The next step will be a study on mice in Seattle. I am not a supporter of animal testing myself, but it is important in order to obtain approval to test it on TB patients. The first clinical trials involving humans will take place in Cape Town. At that point, the phage therapy will be a supplement to existing antibiotics treatments, not a replacement.’
‘We are not going to tell someone: “you do not need those antibiotics; we will just give you this little virus and it will all work out.” We will administer doses of that phage cocktail for one week, and then we will keep daily track of the amount of tuberculosis bacteria still alive in the mucus that patients cough up. If we can see a sharp decline, we know that the phages are effective and we can do further research.’
What scenario are you hoping for?
‘That the phage cocktail really works in human testing, thus creating a very cheap but effective treatment. They are just viruses; you can grow and make them available worldwide for little money.’

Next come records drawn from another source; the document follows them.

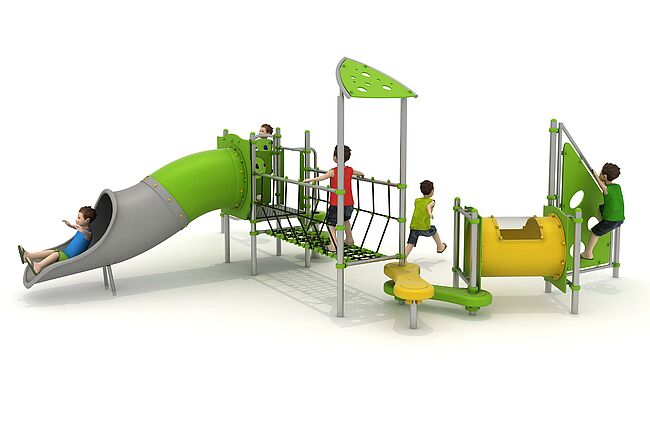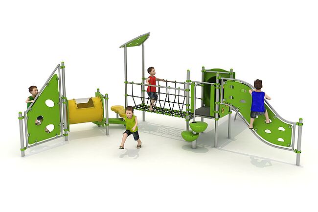 Structure d'équilibreStructure de grimpemarche d'accèsMur d'escaladePont filetTunnelToboggan tunnel
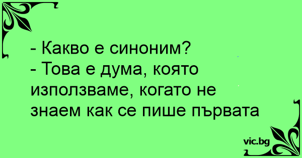 Vad är en synonym? Ett ord man använder när man inte kan stava till det man först hade tänkt använda!
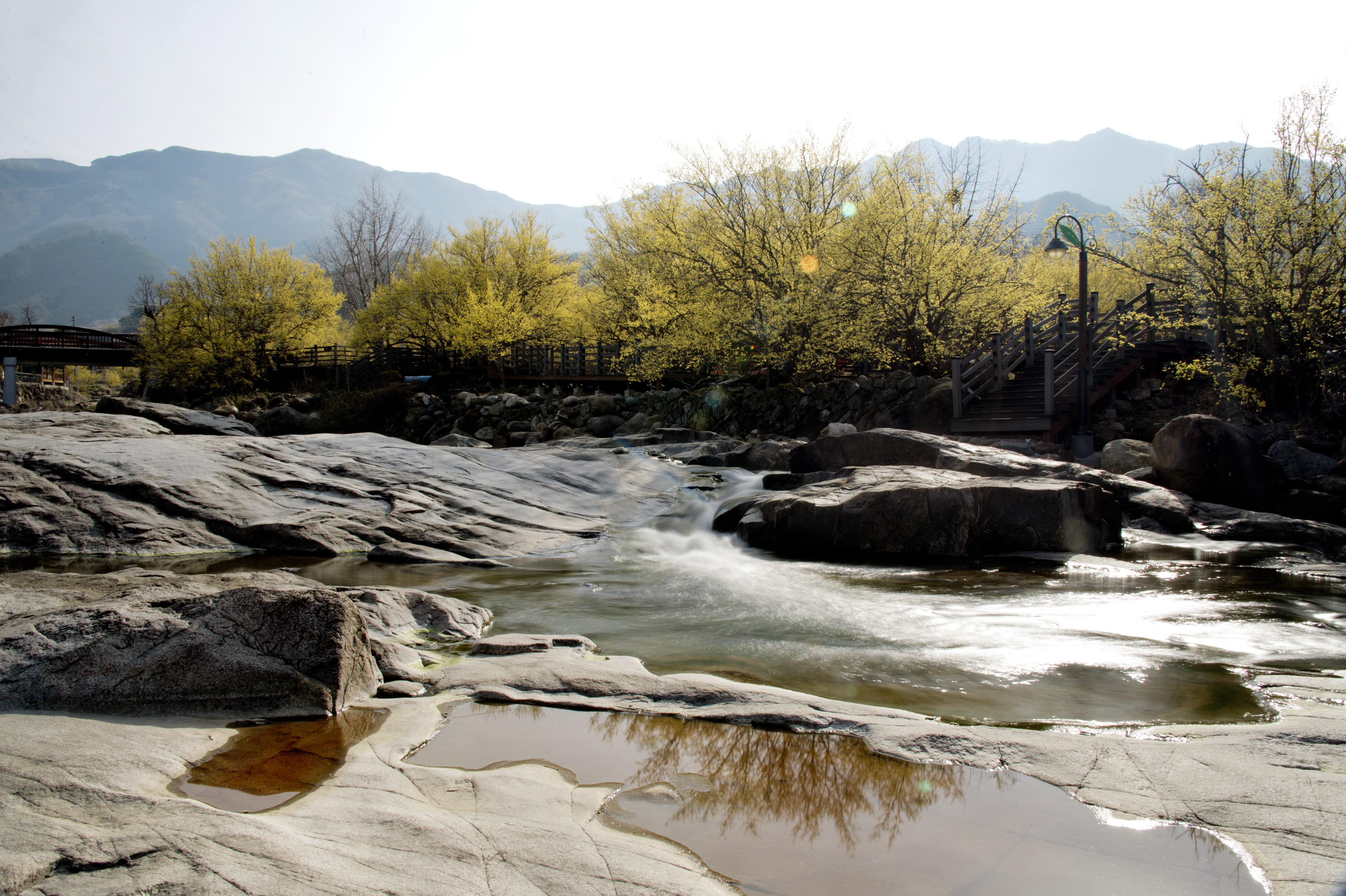 조금 늣게 가서 마음껏 하늘보고 드러누운 암석에 고인 물웅덩이에 삐꼼 고갤내민 수줍은 산수유를 담았습니다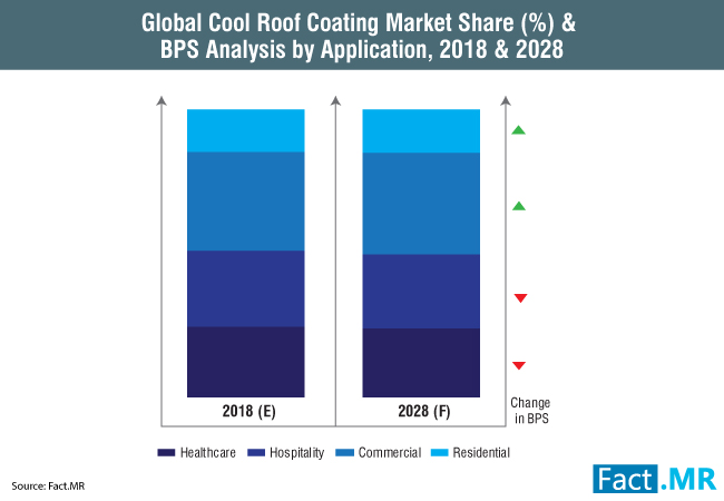 “Steep-sloped roofs are majorly observed in individual homes, particularly in countries with high snowfall and rainfall. Lower maintenance required in these in light of their structural advantage has resulted in comparatively lower penetration of cool roof coatings than in low-sloped roofs. However, the advent of advanced techniques and quick-drying colored coatings have attracted various consumers to use cool roof coatings, to curtail expenditure on energy in summers,” says a lead analyst at Fact.MR.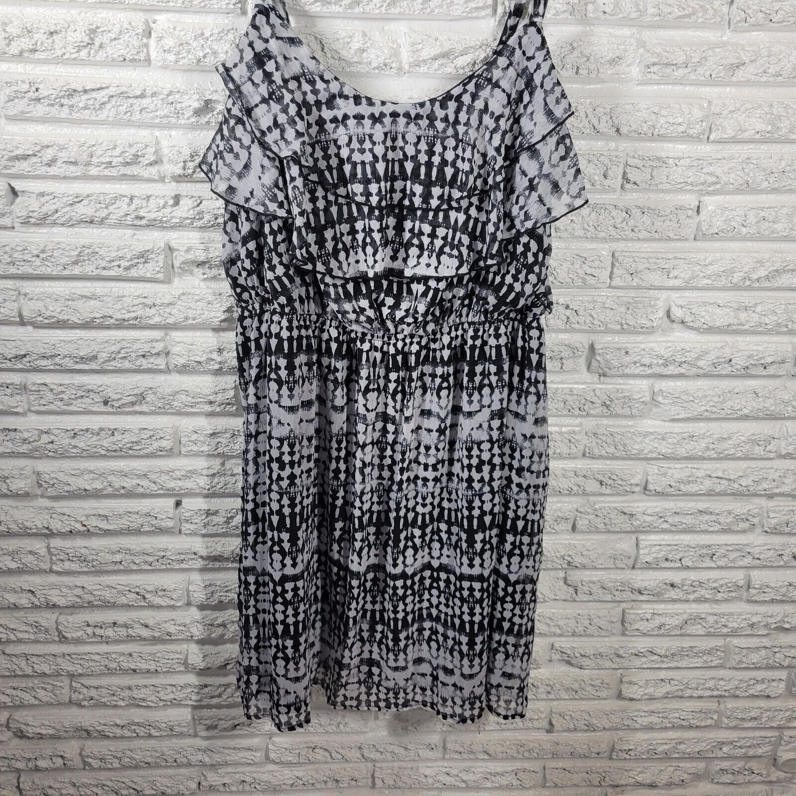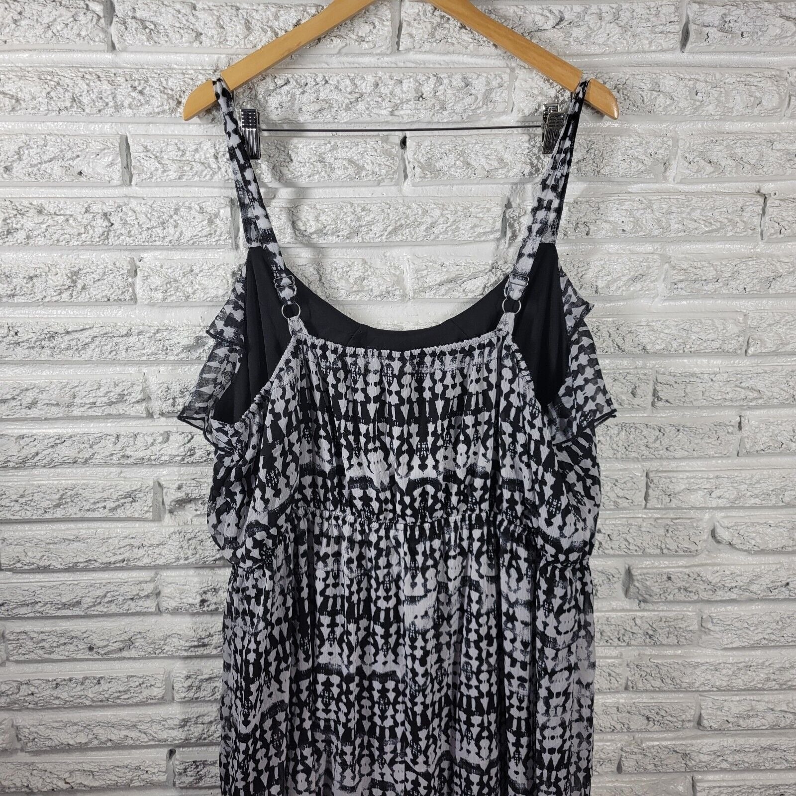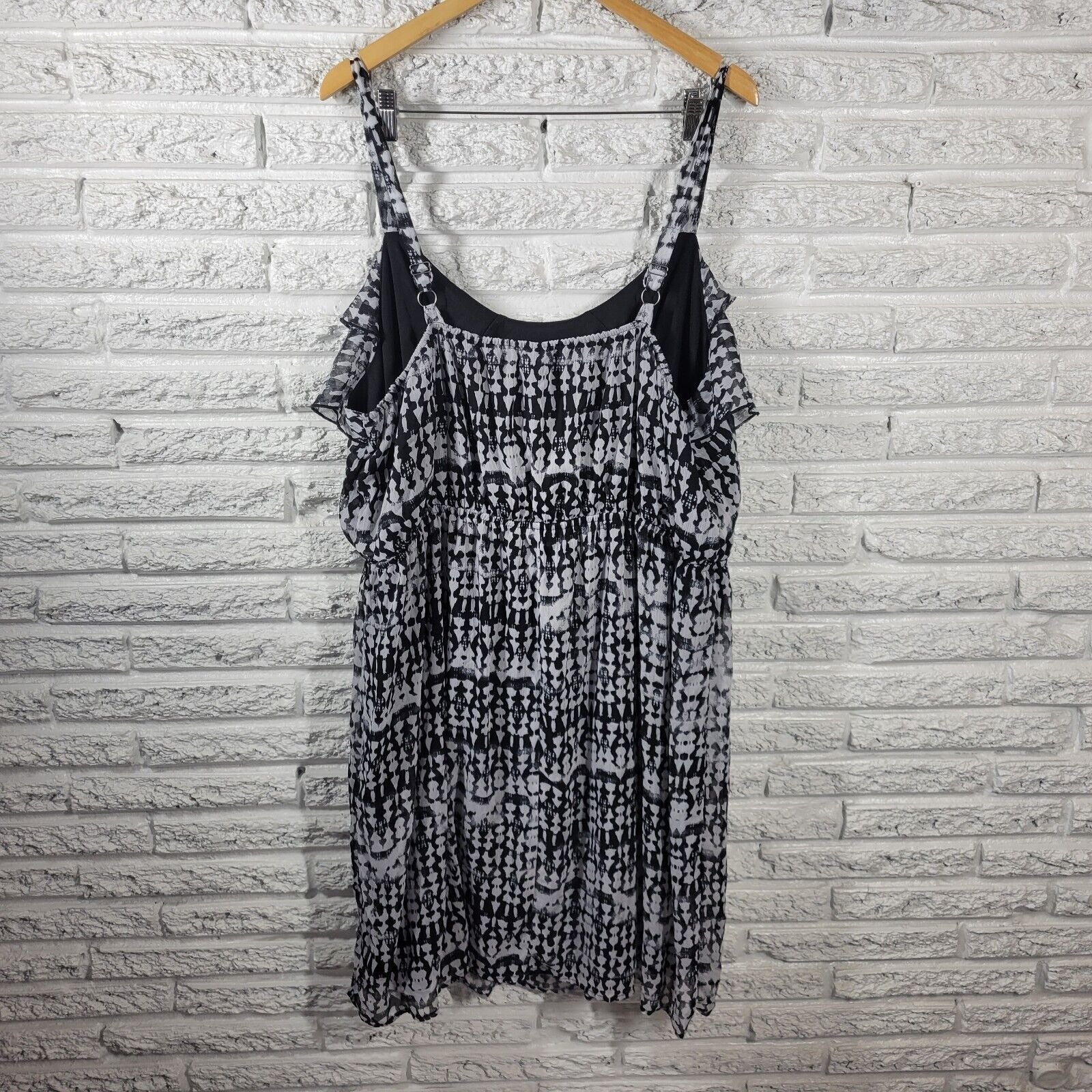 Faded Glory Womens Dress 4X Slip Sheath Adjustable Spaghetti Black Geometric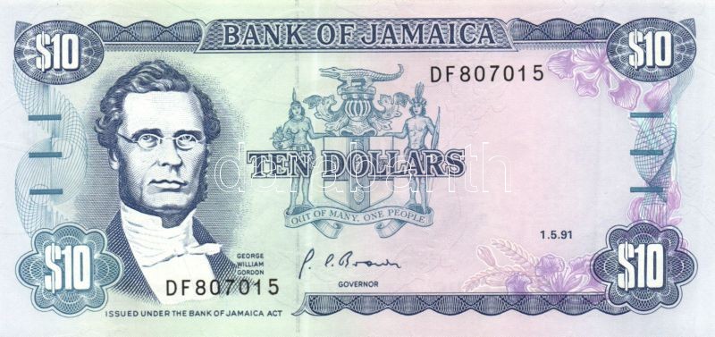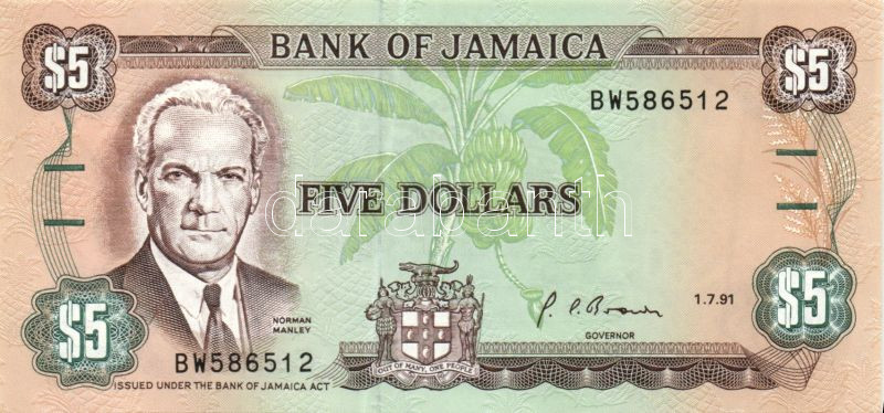 Jamaica 1991. 5$, 10$ T:I https://www.darabanth.com/hu/83-Gyorsarveres/83.0/Numizmatika/Kulfoldi-bankjegyek~5081/Jamaica-1991-5USD-10USD-TI~II174786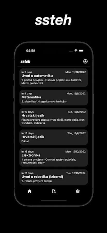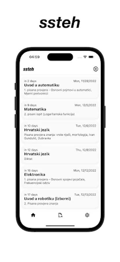 SSTEH is an app for students of Technical School Zadar to use, upload, store and view documents. Sorted by class and subject. There is also integration with Ednevnik where it will show you the upcoming exams on the home page. (You have to login with your ednevnik account to see it).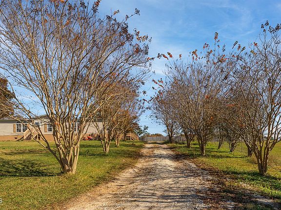 Home off the beaten path! The house sets at the end of a quiet dirt road with a large front yard. Split floor plan allows for privacy. Large master bedroom with bath has over-sized garden tub with a huge walk in closet. Two extra large size living areas, eat-in kitchen with breakfast bar and pantry. Kitchen opens to deck with a fenced in back yard is ideal for privacy. You have to see this one. Close to Camp LeJeune or the Air Station. Shopping is nearby.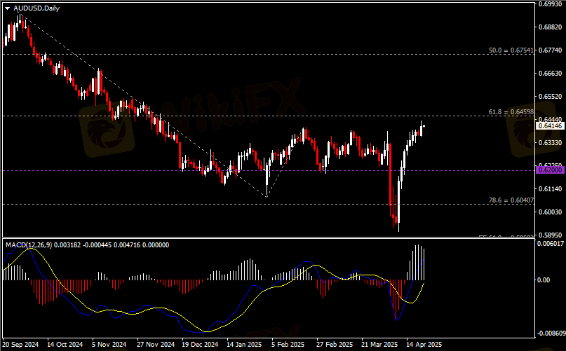 日线图显示澳元兑美元震荡上涨,当前逼近0.6460阻力。从MACD来看,快慢线向上扩张,白色动能柱则温和收缩。汇价走势和动能柱的变化呈分歧。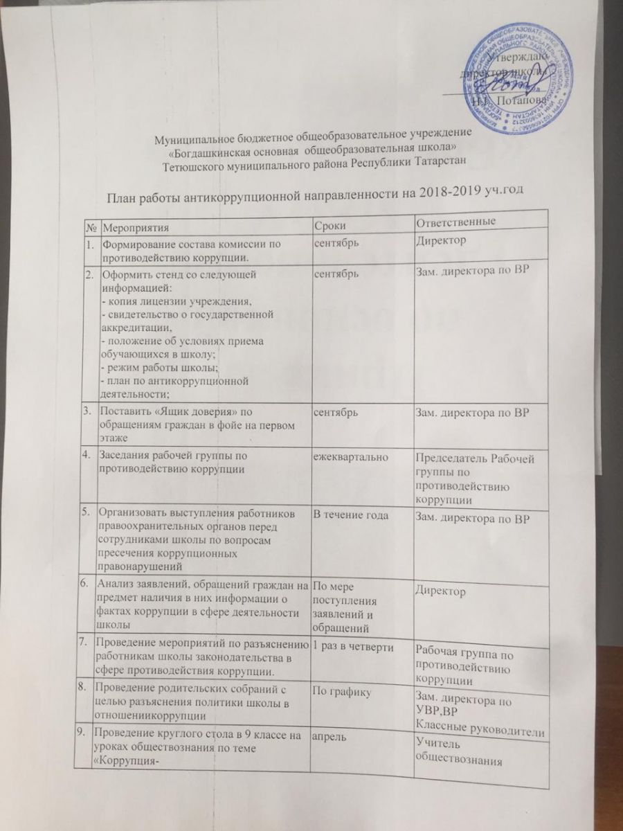 План работы школы по антикоррупционной направленности на 2018-19 уч.год

‘We can then say to those patients where it is really difficult to find three effective antibiotics for them, “well, for your tuberculosis, we only really need two good antibiotics, and we can use the phage cocktail as a third.” We can use those treatments combined to successfully treat TB.’
How many people would benefit from that?
‘That would probably be a hundred thousand people per year.’
Tuberculosis in the Netherlands: Wealth is the best medicine
Tuberculosis is one of the deadliest infections in the world, but at 700 cases per year, it is a rare sight in the Netherlands. Van Ingen: ‘most patients are migrants; often they are people we came to the Netherlands fairly recently from areas where the disease is more prolific.’
People with better housing and healthier diets are more physically fit, and thus more resistant to these infections. ‘In low- and middle-income countries, people are a lot more susceptible, and often also live much closer together. So, if one person gets a contagious form of TB, they are more likely to infect others.’
The quest for affordable and effective treatments is very important according to Van Ingen, but he feels that alleviating poverty should be the main goal. ‘In the end, wealth is the best medicine against TB.’